Script-based Custom Fields and this Fileset pattern apply to managed macOS and Windows devices. iOS, iPadOS, and ChromeOS need platform-appropriate status and remediation methods rather than local root or SYSTEM scripts.

The broader pattern is not unique to FileWave. Any endpoint-management system should let you separate detection, targeting, execution, and evidence. The management console saying a script ran is only one piece of that evidence.

Keep the artifact after the chat is gone

Save the final script in source control or another system that preserves versions and review history. Keep the review card with it. Record the AI tool only as provenance, not as the owner.
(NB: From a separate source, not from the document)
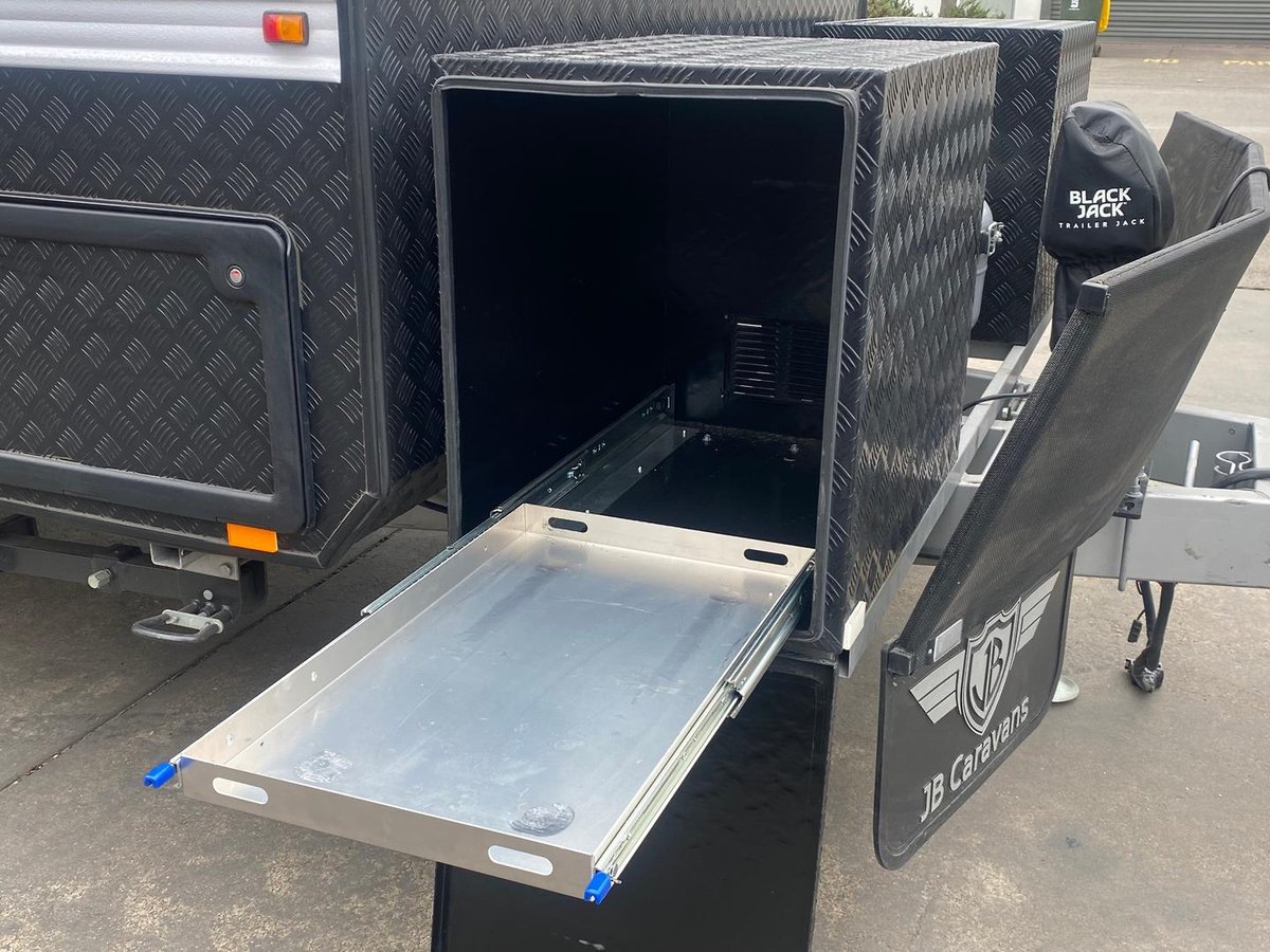 - 190L Dometic compressor fridge – Store fresh food and drinks for days with a fridge that thrives in the heat.

For each deployed version, I would preserve:

  • the exact script or artifact hash;
  • the reviewer and approval date;
  • the test devices and results;
  • the management-system assignment or target group;
  • the expected log path and postcondition value;
  • the rollback instructions;
  • the date the script should be removed or reviewed again.

That record helps when the original admin is out, the prompt is gone, the device checks in three weeks late, or a later OS update changes the command's behavior.

AI can get an admin to a useful first draft quickly. It can also produce code that fails in ways a quick scan will not catch.

If the script's scope, evidence, and recovery path are missing, the script is still a draft.